◆ **What needs to be done**: Begin at the top of the records below and print each line exactly until the line containing "Área externa: Varanda" has been printed; any pictures are to be left out.

◆ **Recorded data**:
★ ★ ★ ★ ★

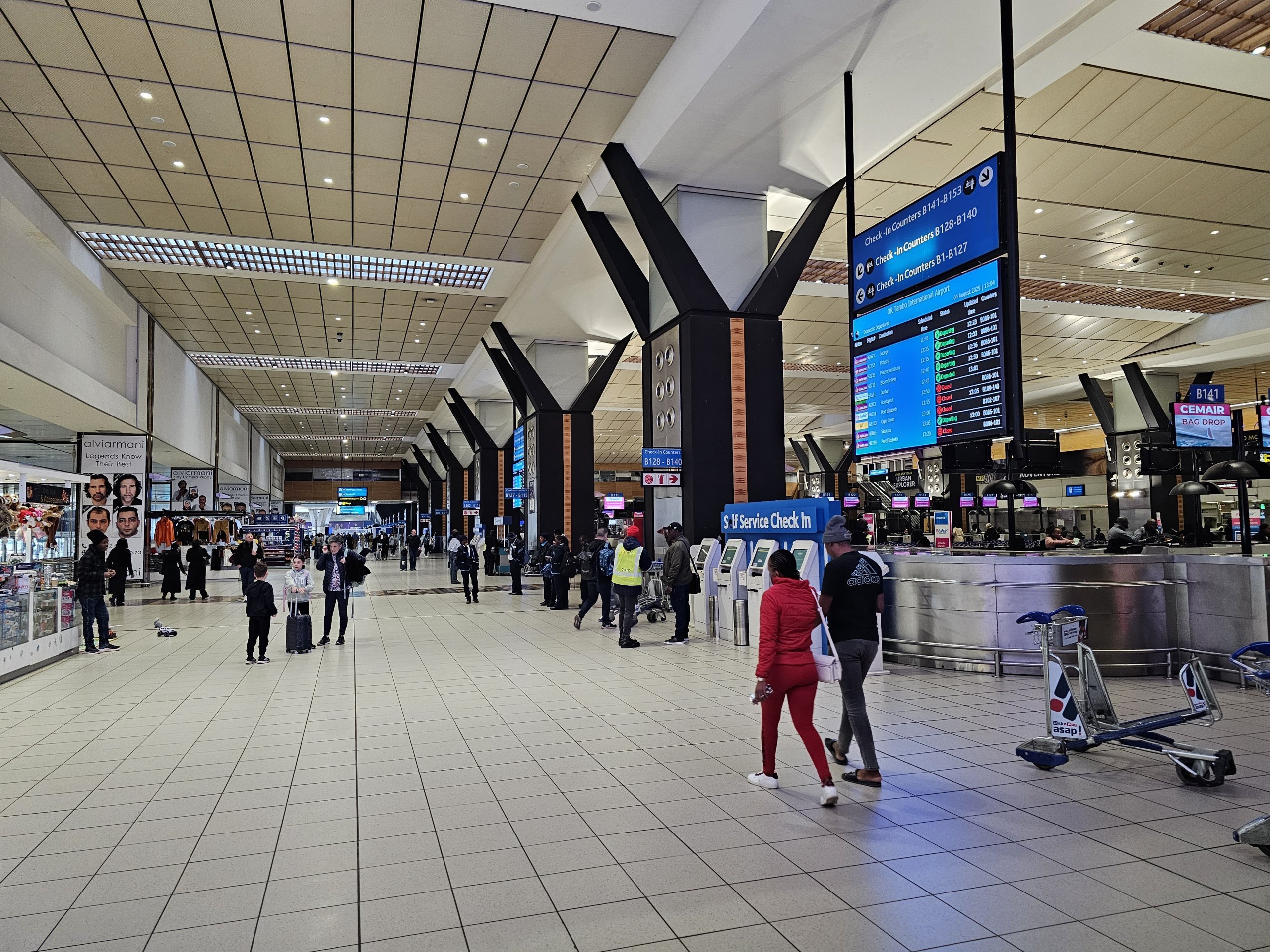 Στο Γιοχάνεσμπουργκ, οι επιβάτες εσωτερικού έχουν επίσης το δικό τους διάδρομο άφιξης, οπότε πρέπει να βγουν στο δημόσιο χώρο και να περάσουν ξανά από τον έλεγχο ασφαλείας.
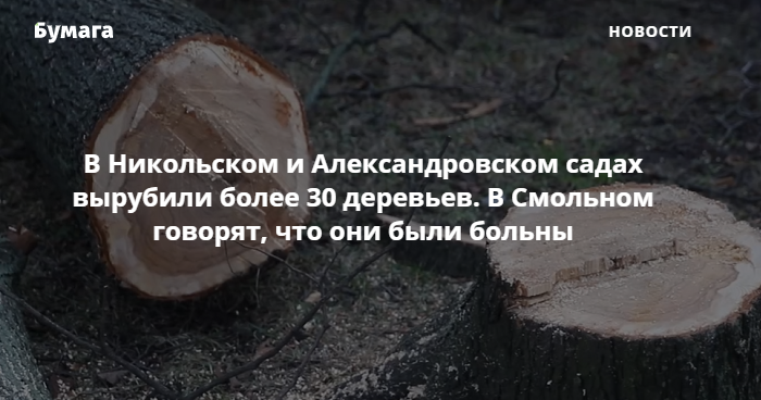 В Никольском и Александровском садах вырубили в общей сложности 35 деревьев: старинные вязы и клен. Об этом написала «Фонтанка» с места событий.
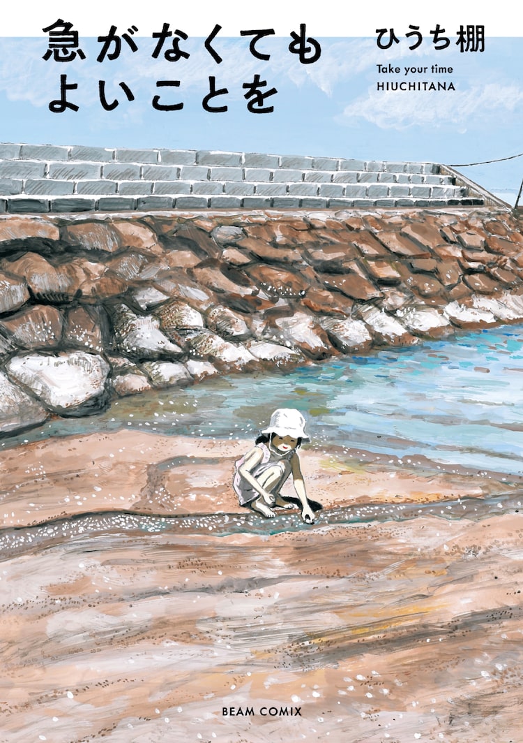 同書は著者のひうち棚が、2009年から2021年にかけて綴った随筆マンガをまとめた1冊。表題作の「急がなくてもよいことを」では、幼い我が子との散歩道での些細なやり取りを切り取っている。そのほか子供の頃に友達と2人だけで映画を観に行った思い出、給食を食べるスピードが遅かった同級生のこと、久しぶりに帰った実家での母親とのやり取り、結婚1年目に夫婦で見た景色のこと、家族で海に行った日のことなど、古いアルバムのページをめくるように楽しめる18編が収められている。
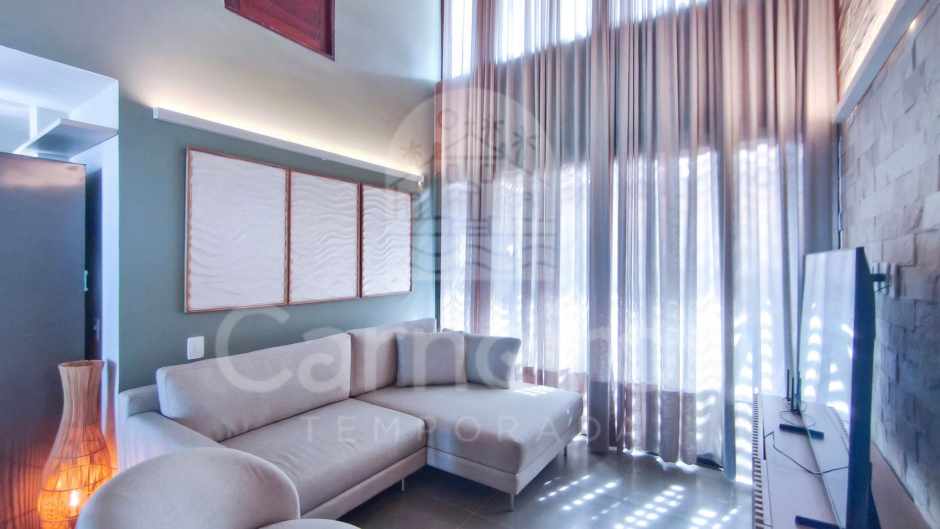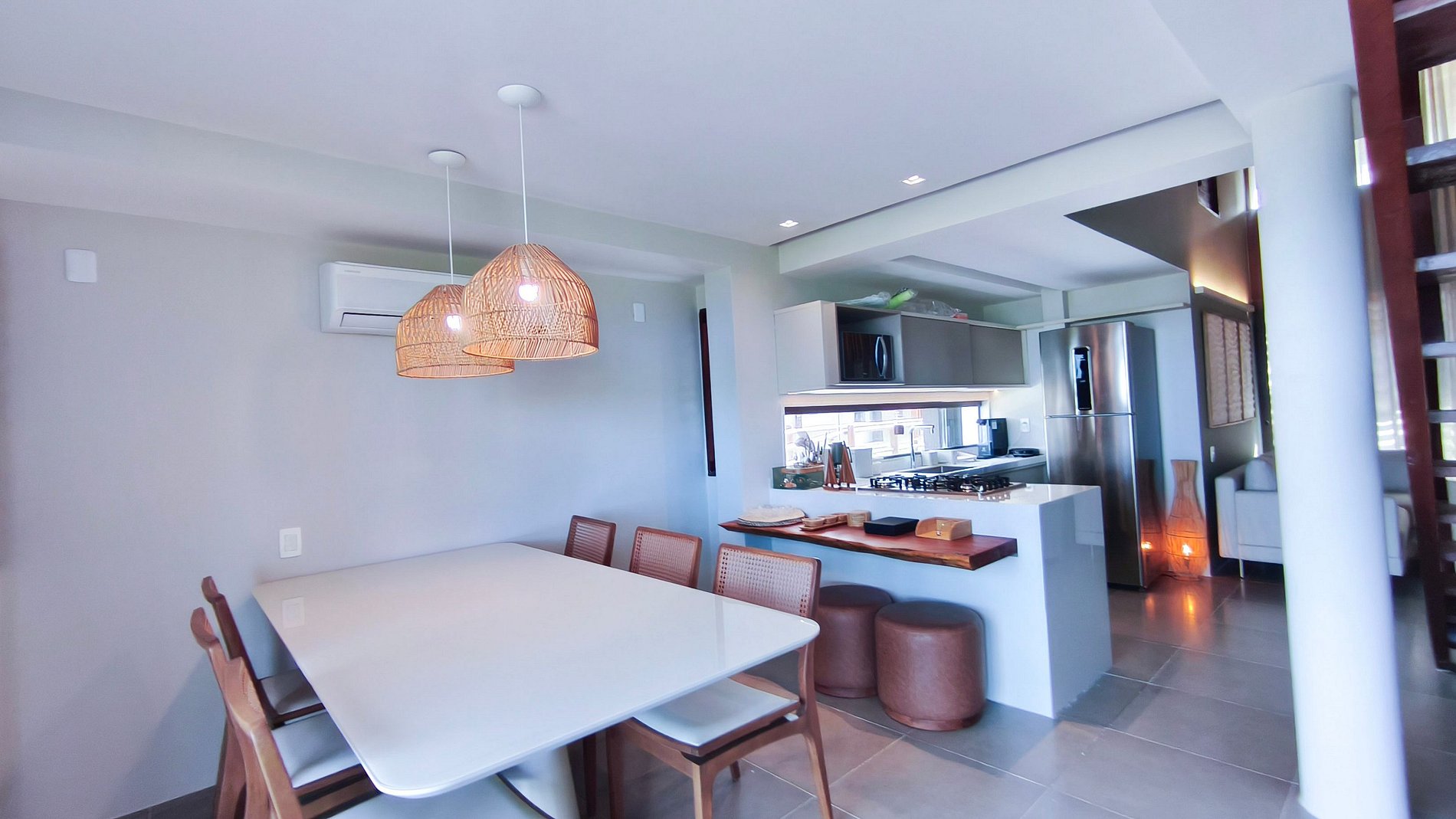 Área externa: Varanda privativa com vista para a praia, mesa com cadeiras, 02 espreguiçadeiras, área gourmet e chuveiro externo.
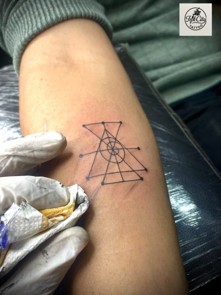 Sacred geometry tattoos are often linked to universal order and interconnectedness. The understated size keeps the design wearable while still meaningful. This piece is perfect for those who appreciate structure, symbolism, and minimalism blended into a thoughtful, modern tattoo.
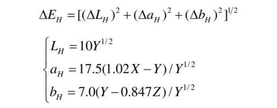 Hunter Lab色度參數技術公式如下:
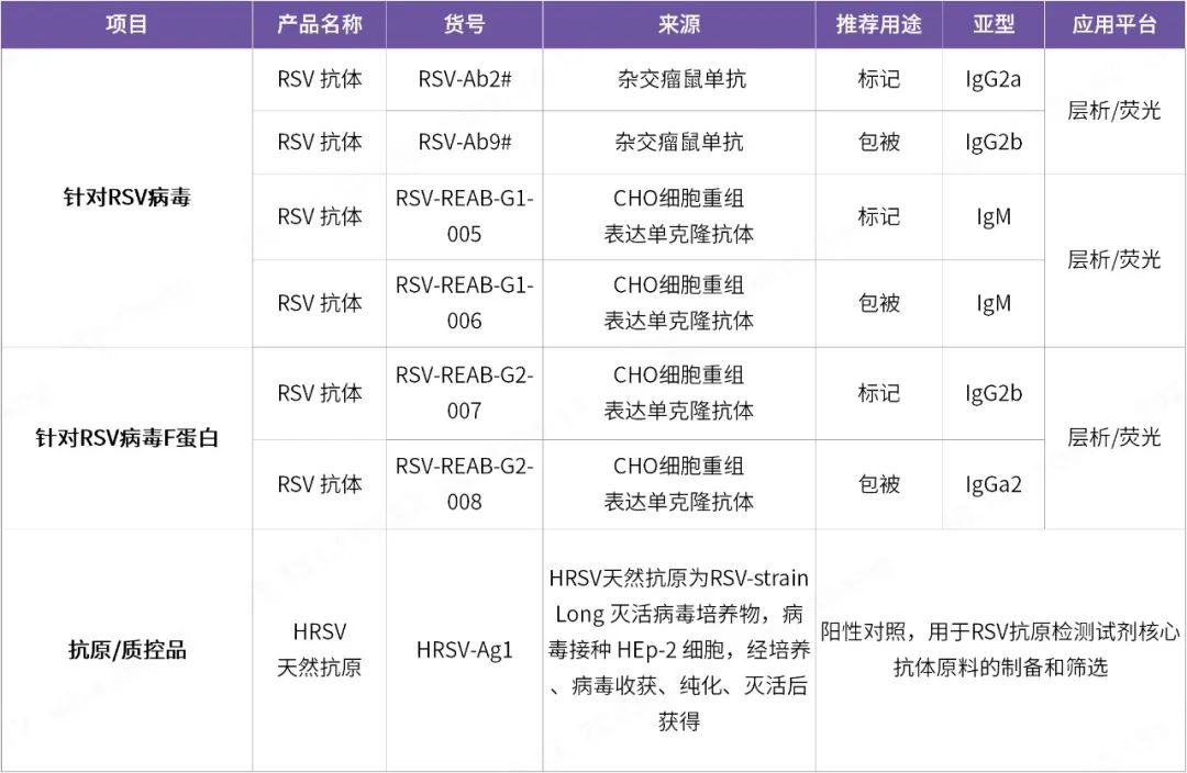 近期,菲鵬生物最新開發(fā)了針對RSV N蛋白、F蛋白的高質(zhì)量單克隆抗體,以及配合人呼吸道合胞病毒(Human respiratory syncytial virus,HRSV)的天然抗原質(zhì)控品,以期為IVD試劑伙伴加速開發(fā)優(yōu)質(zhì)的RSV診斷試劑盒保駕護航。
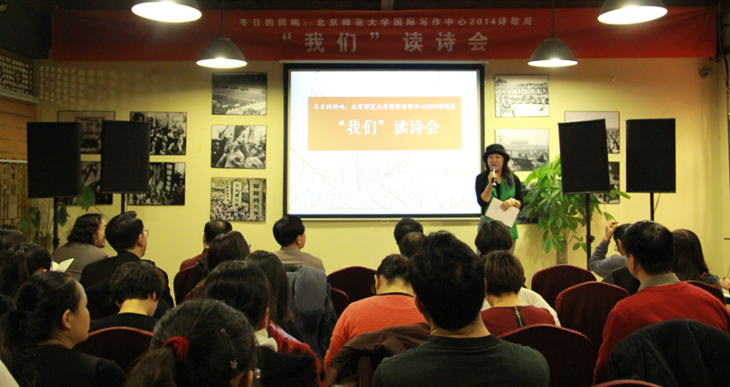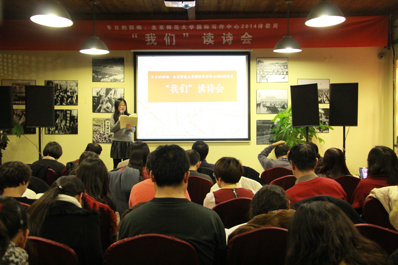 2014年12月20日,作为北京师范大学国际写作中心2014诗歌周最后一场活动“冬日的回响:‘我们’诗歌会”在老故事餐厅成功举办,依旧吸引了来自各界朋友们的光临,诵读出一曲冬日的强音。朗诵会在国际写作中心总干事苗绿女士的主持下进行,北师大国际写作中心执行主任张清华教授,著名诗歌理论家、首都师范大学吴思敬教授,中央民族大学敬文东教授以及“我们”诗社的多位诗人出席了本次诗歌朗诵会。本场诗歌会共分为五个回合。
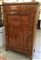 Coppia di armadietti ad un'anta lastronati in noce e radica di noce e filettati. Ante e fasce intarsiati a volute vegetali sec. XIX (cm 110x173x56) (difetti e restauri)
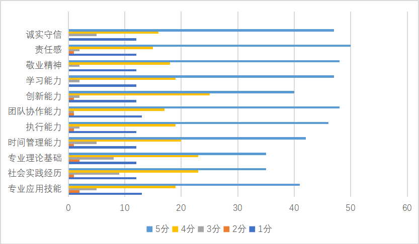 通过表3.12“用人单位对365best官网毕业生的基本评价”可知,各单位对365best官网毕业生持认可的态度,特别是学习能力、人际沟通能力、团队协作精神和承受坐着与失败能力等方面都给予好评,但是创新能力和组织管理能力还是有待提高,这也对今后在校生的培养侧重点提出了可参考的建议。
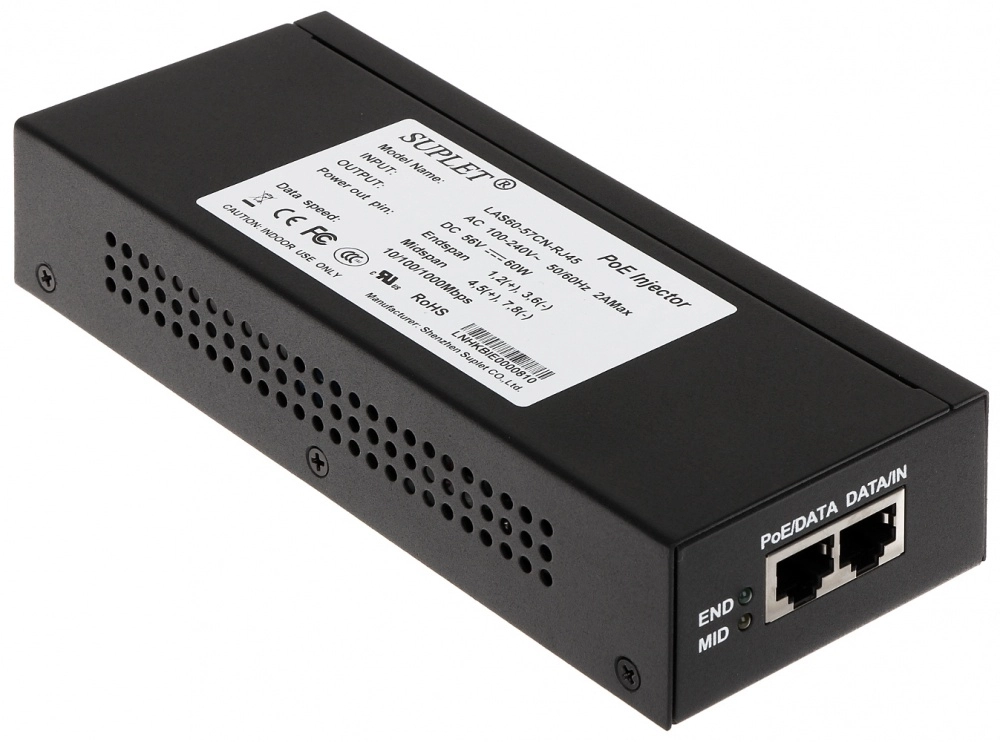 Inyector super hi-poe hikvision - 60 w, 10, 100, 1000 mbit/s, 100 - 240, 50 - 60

★ ★ ★ ★ ★

◆ **Written solution**:
 Στο Γιοχάνεσμπουργκ, οι επιβάτες εσωτερικού έχουν επίσης το δικό τους διάδρομο άφιξης, οπότε πρέπει να βγουν στο δημόσιο χώρο και να περάσουν ξανά από τον έλεγχο ασφαλείας.
 В Никольском и Александровском садах вырубили в общей сложности 35 деревьев: старинные вязы и клен. Об этом написала «Фонтанка» с места событий.
 同書は著者のひうち棚が、2009年から2021年にかけて綴った随筆マンガをまとめた1冊。表題作の「急がなくてもよいことを」では、幼い我が子との散歩道での些細なやり取りを切り取っている。そのほか子供の頃に友達と2人だけで映画を観に行った思い出、給食を食べるスピードが遅かった同級生のこと、久しぶりに帰った実家での母親とのやり取り、結婚1年目に夫婦で見た景色のこと、家族で海に行った日のことなど、古いアルバムのページをめくるように楽しめる18編が収められている。
 Área externa: Varanda privativa com vista para a praia, mesa com cadeiras, 02 espreguiçadeiras, área gourmet e chuveiro externo.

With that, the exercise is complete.